Recorded information:
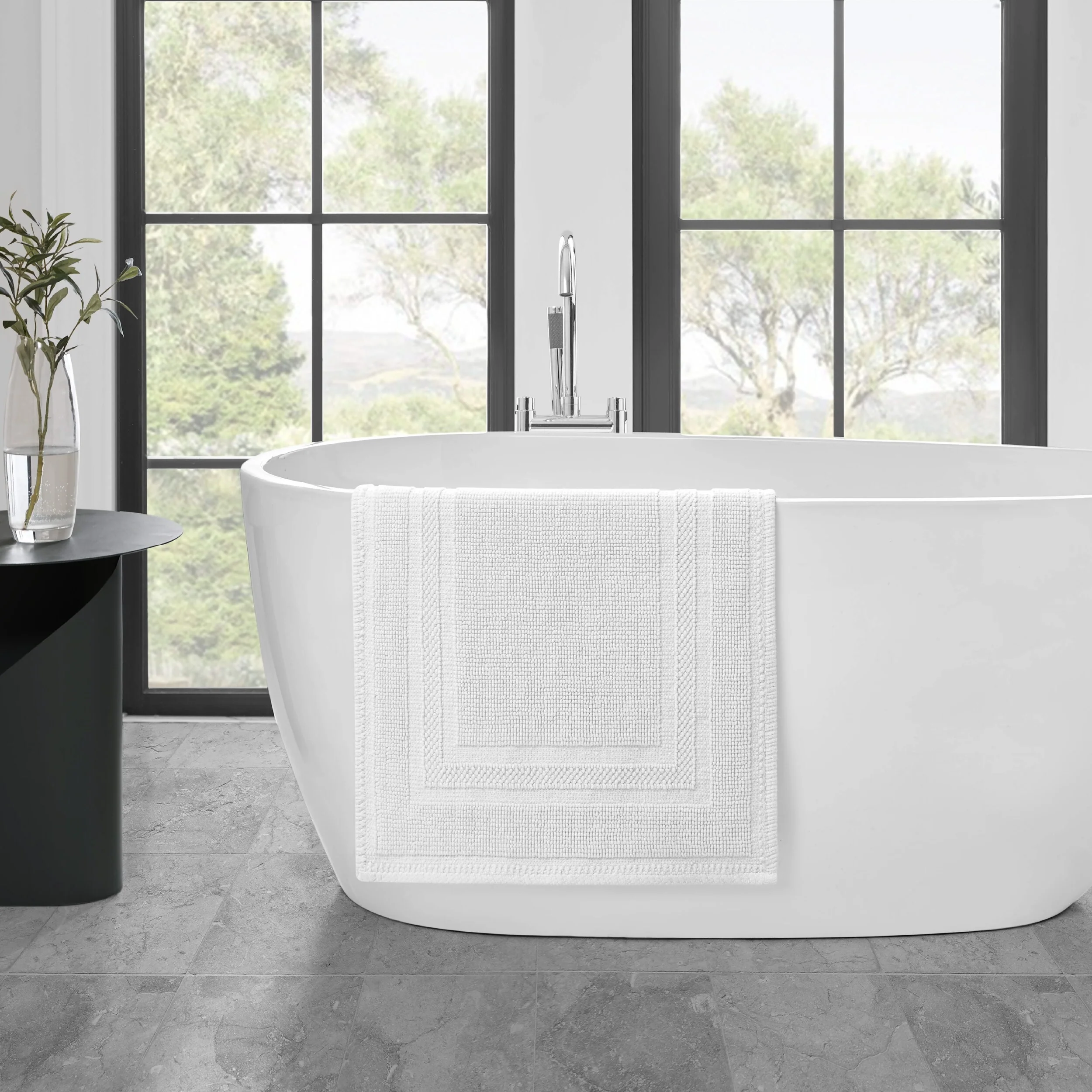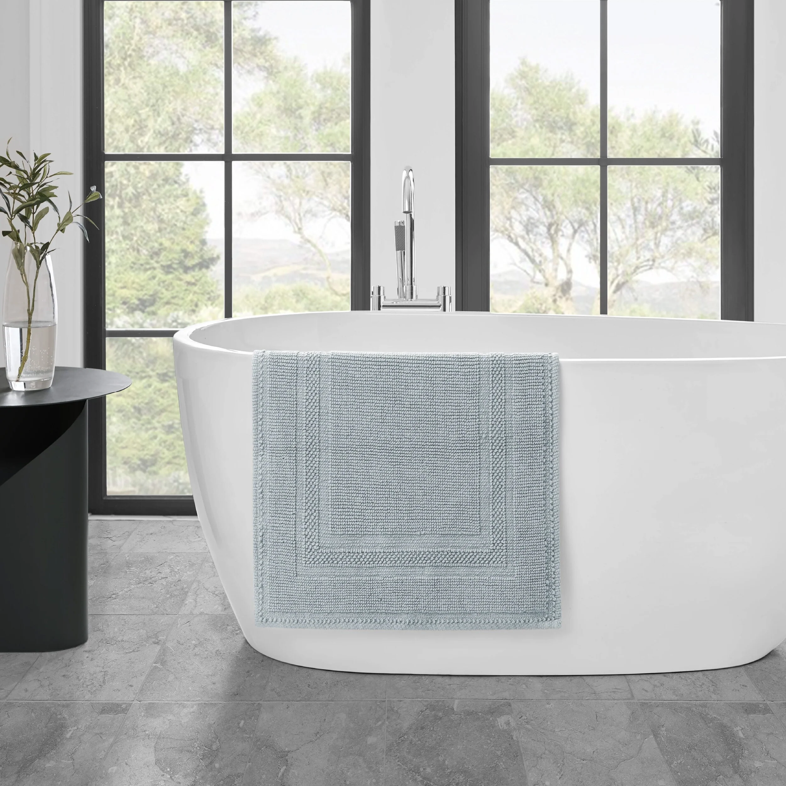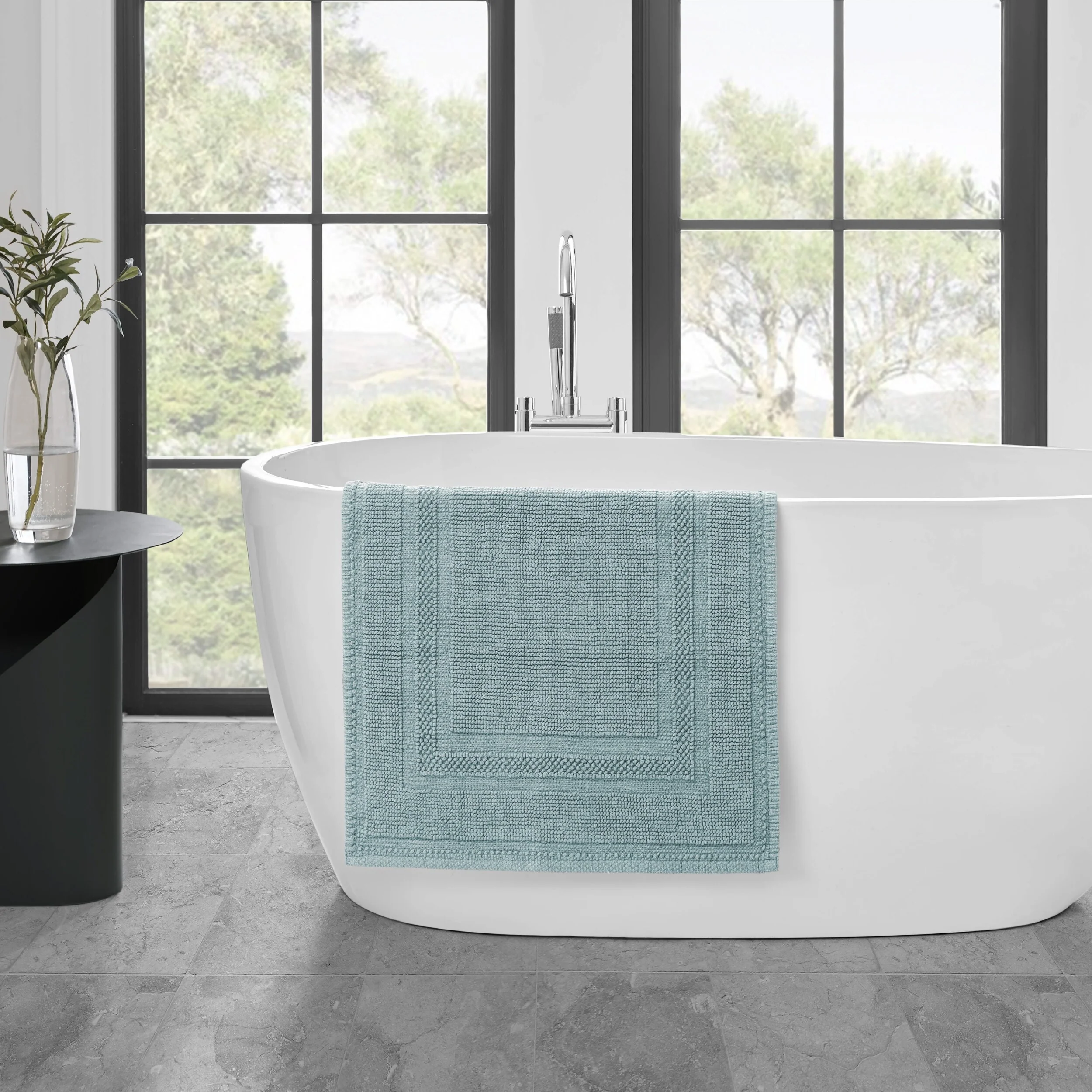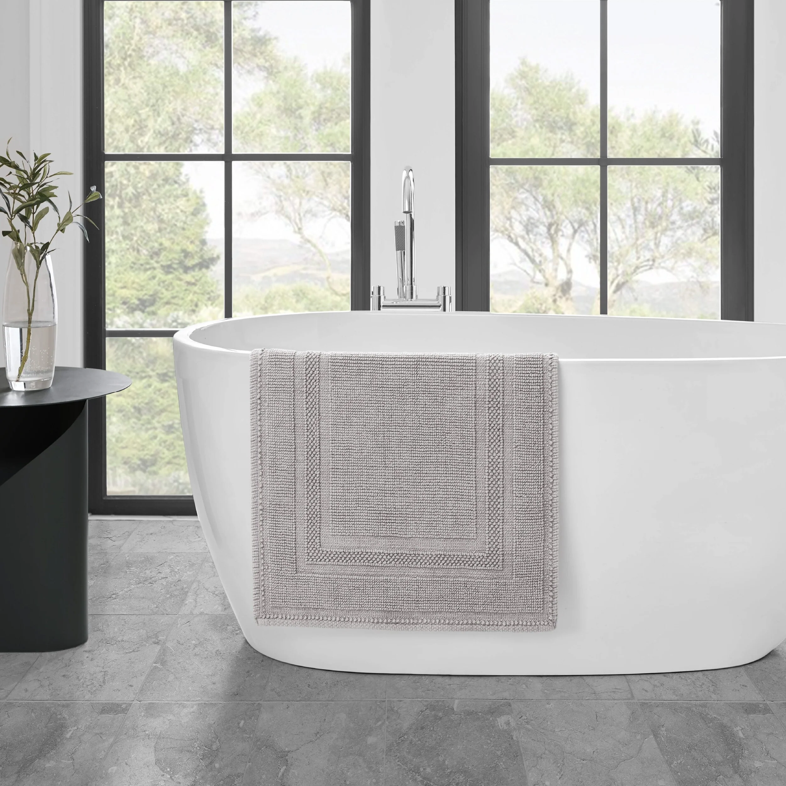 Elevate your bathroom with the chic distressed style of the Jean Pierre Cotton Stonewash Racetrack Bath Rug. This 100% natural cotton bath rug boasts a classic woven design and comes in trendy colors to seamlessly update your bathroom decor. The stonewash process creates unique variations in color and tone for an inviting look. Machine washable and available in a range of sizes. Rug pad recommended (sold separately).
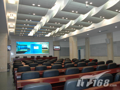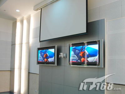 在副會(huì)場方面,和主會(huì)場區(qū)別不大,不過比主會(huì)場要光亮一點(diǎn),面積也小了很多,所以主顯示系統(tǒng)只需要SONY PX40正面投影(120寸)就可以搞定。VPL-PX40可以多種方式安裝,包括桌面正投,吊頂及背投。供選購的兩款鏡頭擴(kuò)展了安裝的靈活性。中央控制開關(guān)功能讓用戶能通過中央電源開關(guān)直接開關(guān)投影機(jī)。VPL-PX40還配備了獨(dú)特的密碼認(rèn)證系統(tǒng),采用SONY液晶板的新型光學(xué)系統(tǒng),結(jié)合265W
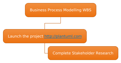 @startwbs !theme aws-orange * Business Process Modelling WBS ** Launch the project [[http://plantuml.com]] *** Complete Stakeholder Research @endwbs
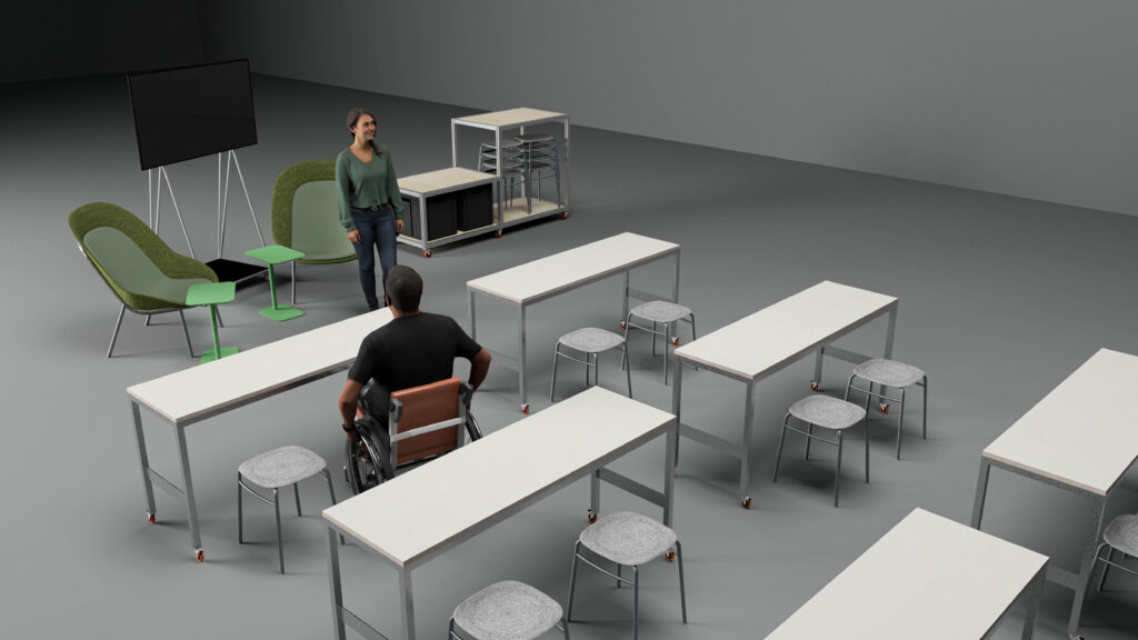 Zusammen mit dem Projektteam machten wir uns über die grundsätzlichen Anforderungen und Funktionsweise der Flächen Gedanken. Durch das Anpassen der Layouts und teils neuentwickelter modularer Möblierung konnten wir die Logik und Benutzerfreundlichkeit der Angebot in ihrem Space bedeutend verbessern. Dank hochmodularen Elementen haben wir sowohl die Flexibiliät der Räumlichkeiten, als auch die Kosten- und Flächeneffizienz maximiert.

Required action: Output, exactly as written, only the lines from the beginning of the listing through the line containing "在副會(huì)場方面,和主", both included, and no pictures.

Answer to this exercise:
 Elevate your bathroom with the chic distressed style of the Jean Pierre Cotton Stonewash Racetrack Bath Rug. This 100% natural cotton bath rug boasts a classic woven design and comes in trendy colors to seamlessly update your bathroom decor. The stonewash process creates unique variations in color and tone for an inviting look. Machine washable and available in a range of sizes. Rug pad recommended (sold separately).
 在副會(huì)場方面,和主會(huì)場區(qū)別不大,不過比主會(huì)場要光亮一點(diǎn),面積也小了很多,所以主顯示系統(tǒng)只需要SONY PX40正面投影(120寸)就可以搞定。VPL-PX40可以多種方式安裝,包括桌面正投,吊頂及背投。供選購的兩款鏡頭擴(kuò)展了安裝的靈活性。中央控制開關(guān)功能讓用戶能通過中央電源開關(guān)直接開關(guān)投影機(jī)。VPL-PX40還配備了獨(dú)特的密碼認(rèn)證系統(tǒng),采用SONY液晶板的新型光學(xué)系統(tǒng),結(jié)合265W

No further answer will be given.